Les taux bas remettent en cause le fonctionnement du placement préféré des Français. Pour rester compétitif, les assureurs ont su s’adapter en proposant des solutions sur mesure. La future hausse des taux, annoncée pour 2017, leur permettrait de retrouver leurs marges. À moins que la loi Sapin 2 n'effraie les épargnants.

Lancée en 1818, l’assurance-vie continuent de séduire. Selon un sondage réalisé par Odoxa-LinXea pour Le Parisien, 57 % des Français ont déjà souscrit à ce genre de placement. C’est même leur placement préféré puisqu’ils sont 43 % à le plébisciter, loin devant le livret A (27 %) et le PEL (22 %). À la question, « pour quelle raison principale avez-vous une assurance-vie ? », les participants ont répondu à 36 % pour « mettre de l'argent de côté en cas de coup dur », à 25 % pour « préparer sa retraite », à 19 % « pour préparer ma succession » et, seulement, à 18 % « pour disposer d'un placement rentable ». Une hiérarchie étonnante au vue des performances affichées par ce placement.

 

2,3 % de rendement en 2015

 

En 2015, le rendement moyen de ces contrats investis sur des fonds en euros s'élevait, d'après la Fédération française de l'assurance (FFA), à 2,30 %, frais de gestion déduits.
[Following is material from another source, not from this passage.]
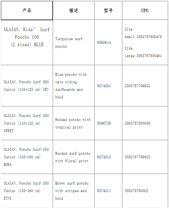 更多详情参见://recalls-rappels.canada.ca/en/alert-recall/olaian-kids-surf-ponchos-recalled-due-flammability-hazard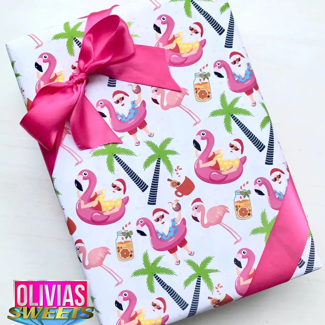 This super cute tropical flamingo Christmas wrap is a fun addition to any Christmas style! Featuring Santa with flamingos and flamingo pool toys, and of course, holiday cocktails. Can’t forget the cocktails.

Si l'on en retire encore les prélèvements sociaux (15,5 % depuis 2012) et une inflation de 0,2 % en 2015, l'assurance-vie a rapporté en moyenne 1,7 % d'intérêts l'an dernier. Bien mieux que le livret A et le PEL et aussi bien et beaucoup moins risqué que les placements en action.  

 

Mais les taux bas pourraient bien mettre fin à ces performances. En octobre, les taux à court terme s’établissaient à - 0,4 %, une première. Les fonds euros, qui promettent aux clients un taux garanti tout en le complétant le cas échéant par une prime au titre de la participation aux bénéfices, sont particulièrement touchés. Pour le moment, les assureurs se servent de leur réserve pour garantir des taux corrects. Mais pour combien de temps ? Aujourd’hui, avec son rendement, son capital garanti et ses avantages fiscaux, le contrat en euros est un produit rare, voire de luxe.

 

Résultat, de nombreuses sociétés arrêtent de commercialiser ces produits ou les réservent à leurs meilleurs clients. D'autres préfèrent baisser leur rémunération. Alors que le taux garanti pouvait s’élever à 3 % ou 4 %, celui-ci est désormais très souvent nul. Certains n’arrivent même plus à garantir le capital. Comment en est-on arrivé là ? Auparavant, grâce à des taux de rendement obligataires souverains de 4 %, les assureurs avaient les moyens de garantir le capital investi. Les seules retombées de coupon permettaient de compenser les éventuelles pertes sur les autres catégories d’investissement. Aujourd’hui, avec des taux nuls, le système ne fonctionne plus.  

 

Hausse des taux attendue

 

Pour sauver l'assurance-vie, il faut trouver un équilibre entre les engagements que l'assureur peut formellement prendre, nécessairement inférieurs au niveau des taux dits sans risque, et la gourmandise des épargnants. Ces derniers doivent être capable de raisonner en nominale et d’accepter des taux de rémunération proches de zéro. Bien sûr, il s'agit là d'un plancher et la participation aux bénéfices leur permettra très souvent de surperformer cet engagement. Pas sûr néanmoins que les particuliers soient séduits par cette nouvelle version. En fonction de leur aversion au risque, ils pourraient se tourner vers d’autres placements, comme les unités de compte, qui permettent d’investir en Bourse, ou l’euro-croissance, un produit qui offre une bonne espérance de rendement tout en garantissant le capital à terme.

 

Les professionnels de l’assurance-vie ne s’inquiètent pas pour autant. La hausse des taux, qui devrait intervenir au cours de prochains mois, leur redonnera une bouffée d’air. Pour eux, le principal risque est avant tout réglementaire. En effet, une des mesures de la loi Sapin 2 prévoit qu'en cas de crise financière grave les retraits sur les fonds euros soient bloqués. Si ce mécanisme a surtout pour objectif d’éviter aux gestionnaires de mettre la clé sous la porte en cas de choc majeur, les Français craignent que cela remettent en cause leur droit sur leur épargne. Ainsi, 70 % des Français sont opposés à cette mesure. En plus d’être performants, les assureurs devront désormais faire preuve de pédagogie pour rassurer leurs clients.